05 — Performance Optimization on 8x H200¶
1. Performance Targets and Roofline¶
H200 Hardware Limits¶
| Bound | Metric | H200 Value |
|---|---|---|
| Compute (BF16) | TFLOPS | 1,979 |
| Compute (FP8) | TFLOPS | 3,958 |
| Memory bandwidth | TB/s | 4.8 |
| NVLink bandwidth | GB/s bidirectional | 900 per GPU |
| PCIe 5.0 bandwidth | GB/s | ~128 (host) |
Roofline Analysis¶
Arithmetic Intensity (AI) = FLOPs / Bytes transferred from HBM
If AI < Ridge Point: → MEMORY BOUND → optimize data movement
If AI > Ridge Point: → COMPUTE BOUND → optimize FLOPs efficiency
H200 Ridge Point = 1,979 TFLOPS / 4.8 TB/s ≈ 412 FLOP/Byte (BF16)
Operation AIs:
GEMM (large): ~1000+ FLOP/Byte → COMPUTE BOUND ✓ (targets Tensor Cores)
Attention (small batch): ~10 FLOP/Byte → MEMORY BOUND (use Flash Attention)
Element-wise ops: ~1-4 FLOP/Byte → MEMORY BOUND (fuse them)
All-reduce: ~0 FLOPs, pure bandwidth → NVLink BOUND
# Run roofline analysis with Nsight Compute
ncu --set roofline --target-processes all \
--output roofline_report \
python -c "import torch; a=torch.randn(4096,4096,device='cuda',dtype=torch.bfloat16); torch.mm(a,a)"
# Open in Nsight Compute GUI for visualization
ncu-ui roofline_report.ncu-rep
2. CUDA Graphs for Inference¶
Inference has a fixed computation graph (same shapes every step). CUDA Graphs eliminate CPU kernel launch overhead.
import torch
# Standard inference: CPU launches each kernel individually
# ~5-50 µs overhead per kernel → adds up for many small kernels
# CUDA Graph: capture once, replay instantly
def setup_cuda_graph(model, sample_input):
# Warmup (fills CUDA caches, etc.)
with torch.cuda.stream(torch.cuda.Stream()):
for _ in range(3):
model(sample_input)
# Capture
g = torch.cuda.CUDAGraph()
static_input = sample_input.clone()
static_output = torch.zeros_like(model(static_input))
with torch.cuda.graph(g):
static_output = model(static_input)
return g, static_input, static_output
def graph_inference(g, static_input, static_output, new_input):
static_input.copy_(new_input)
g.replay()
return static_output.clone()
# Speedup: 1.5-3× for small batch sizes (< 32)
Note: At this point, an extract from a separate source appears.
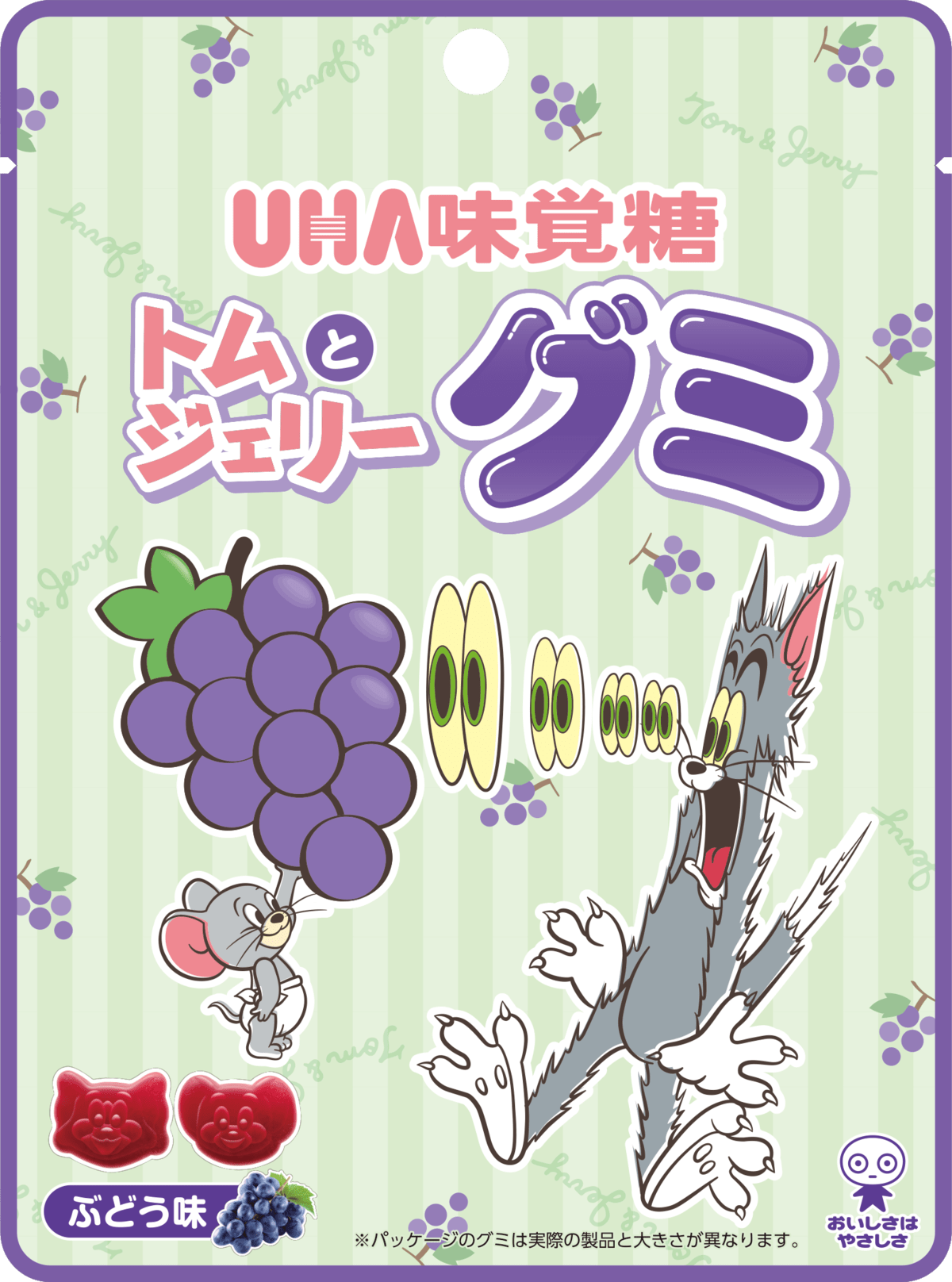 「トムとジェリーグミ」は、ぶどう味の「トム」と「ジェリー」の可愛らしい顔型グミ。

# Largest impact at batch_size=1 (pure latency mode)
CUDA Graphs with Dynamic Shapes (Bucketing)¶
# For variable sequence lengths, maintain a graph per "bucket"
BUCKETS = [128, 256, 512, 1024, 2048, 4096]
graphs = {}
for seq_len in BUCKETS:
dummy_input = torch.zeros(1, seq_len, dtype=torch.long, device="cuda")
g, si, so = setup_cuda_graph(model, dummy_input)
graphs[seq_len] = (g, si, so)
def bucketed_inference(input_ids):
seq_len = input_ids.shape[1]
bucket = next(b for b in BUCKETS if b >= seq_len)
padded = torch.nn.functional.pad(input_ids, (0, bucket - seq_len))
g, si, so = graphs[bucket]
return graph_inference(g, si, so, padded)
3. Kernel Fusion¶
Fusing multiple element-wise operations into a single kernel eliminates redundant HBM reads/writes.
Manual Fusion with Triton¶
import triton
import triton.language as tl
@triton.jit
def fused_gelu_add_kernel(
x_ptr, bias_ptr, out_ptr,
n_elements,
BLOCK_SIZE: tl.constexpr,
):
pid = tl.program_id(axis=0)
offsets = pid * BLOCK_SIZE + tl.arange(0, BLOCK_SIZE)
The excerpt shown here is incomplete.